Света взвыла. Она кинулась к мужу, умоляла, плакала, говорила про «первый раз», про «глупого ребёнка». Но Женя был твёрд, как гранит. Его решение, принятое из желания защитить своих, было бесповоротным. Надя, услышав приговор, замкнулась. Она не проронила больше ни слезинки, лишь смотрела на них пустыми, как в первый день их встречи, глазами.
На вокзале стояла промозглая московская слякоть. Надя молча держала свой рюкзачок, внутри которого по-прежнему лежали вещи, сшитые Светой. Она не сопротивлялась, когда воспитательница из московского органа опеки взяла её за руку. Света, с лицом, распухшим от слёз, пыталась что-то сказать, обнять её в последний раз, но девочка отстранилась.
Поезд тронулся. Надя стояла у окна в коридоре вагона. И тут, когда стекло начало медленно двигаться мимо, она вдруг прижала к нему обе ладони. Её рот шевельнулся. Не крик, а тихий, отчаянный стон, который Света прочла по губам сквозь мутное, запотевшее стекло: «Мамочка… прости…»

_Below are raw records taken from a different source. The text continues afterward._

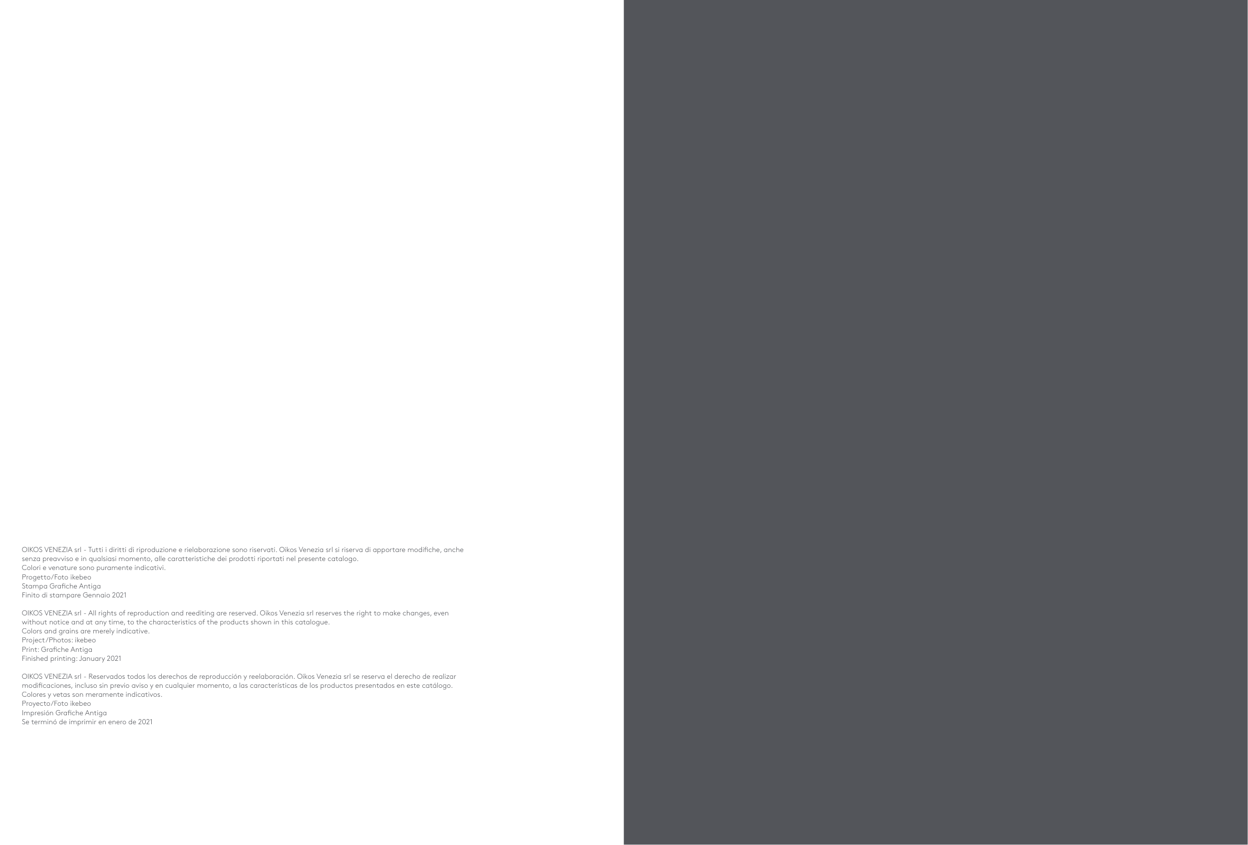 OIKOS VENEZIA srl - All rights of reproduction and reediting are reserved. Oikos Venezia srl reserves the right to make changes, even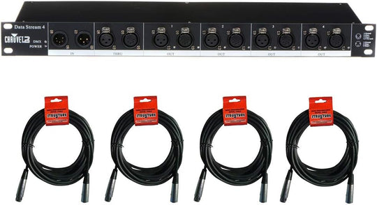 CHAUVET DJ Data Stream 4 DMX-512 Optical Splitter with (4) XLR-XLR Cable Bundle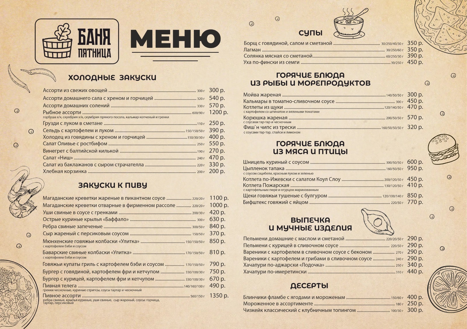 Андреевские бани меню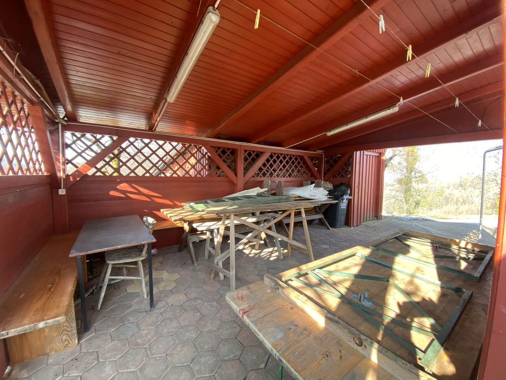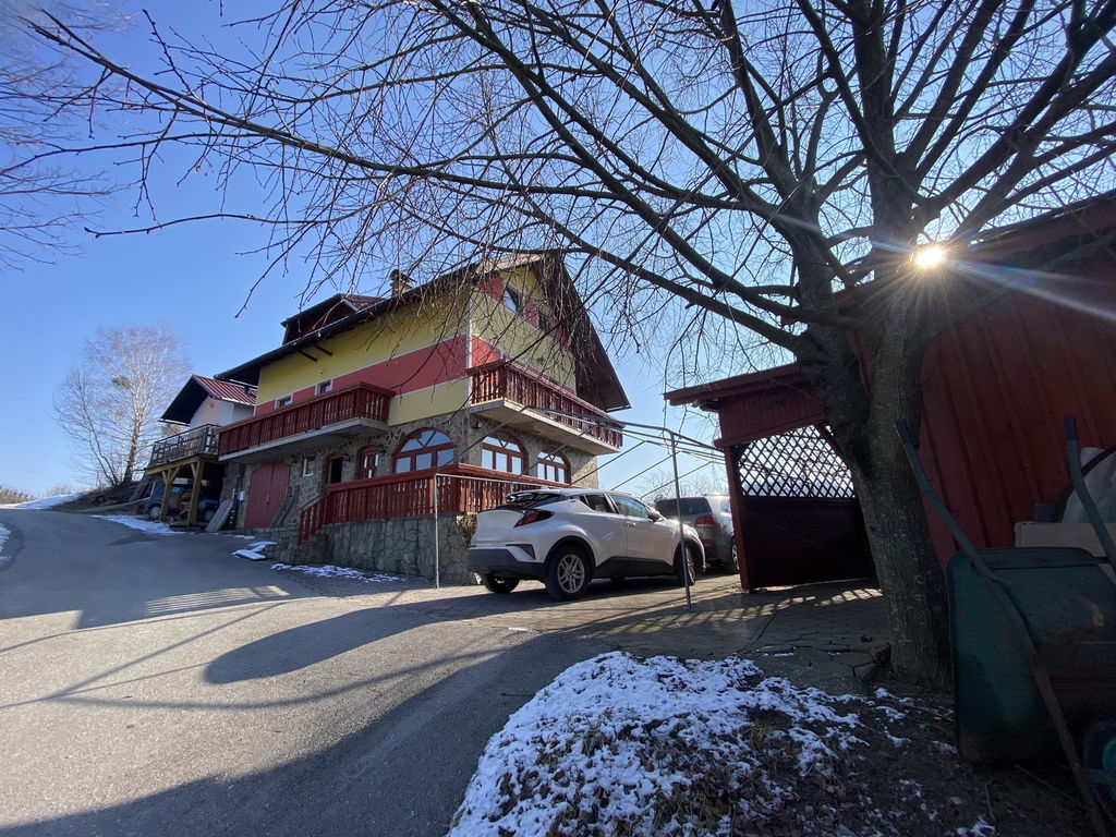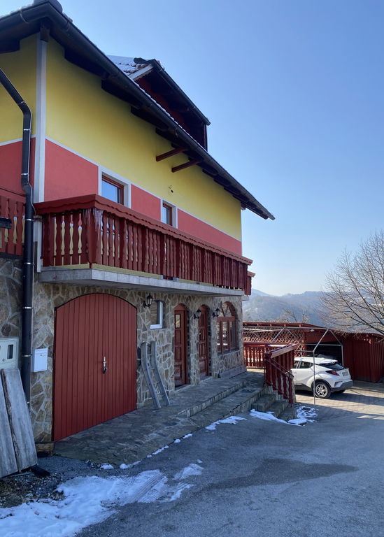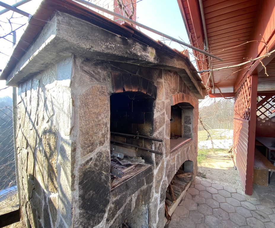 Ob hiši stoji nadstrešek, ki je prav tako namenjen za druženje, ob njem pa zidan kamin. Lokacija je odlična saj se ponaša s prečudovitim pogledom na sosednje griče, odmaknjena od vsakodnevnega vrveža, v objemu narave.

Поезд набрал скорость, увозя в осеннюю мглу тоненькую фигурку с прижатыми к стеклу ладонями. Света упала на колени на грязный перрон, не в силах сдержать рыдания. Женя стоял рядом, бледный, сжав кулаки. Он смотрел вслед уходящему составу, а потом перевёл взгляд на свою жену. И в его глазах, помимо непоколебимой твёрдости, мелькнуло что-то ещё — сомнение, короткое и острое, как укол. Но было уже поздно.
Слова Жени повисли в воздухе тяжёлым, ядовитым облаком. «Проклят». Он, человек, привыкший видеть причину и следствие, опираться только на факты и приказы, произнёс это слово. И от этого стало не просто страшно, а окончательно безнадёжно.
На следующий день Света, как автомат, пошла на работу. Отгулы кончились, нужно было держаться. В раздевалке магазина «Арбат Престиж» она ловила на себе взгляды — быстрые, исподволь, полные недоумения и брезгливости. Она стала тем самым человеком, на которого показывают пальцем: «Смотри, совсем опустилась». Никто не подходил, не спрашивал. У неё здесь не было подруг, только вежливые, холодные отношения «здравствуй — до свидания».
И вот, когда она, не смотря ни на кого, переодевала халат, к ней приблизилась немолодая женщина с соседней кассы, Валентина. Они никогда не общались близко. Валентина была из тех молчаливых, замкнутых людей, которые держатся особняком.
— Света, — тихо сказала Валентина, не глядя на неё, будто поправляя полку. — Не знаю, что у вас там стряслось. Вид у тебя не жилец.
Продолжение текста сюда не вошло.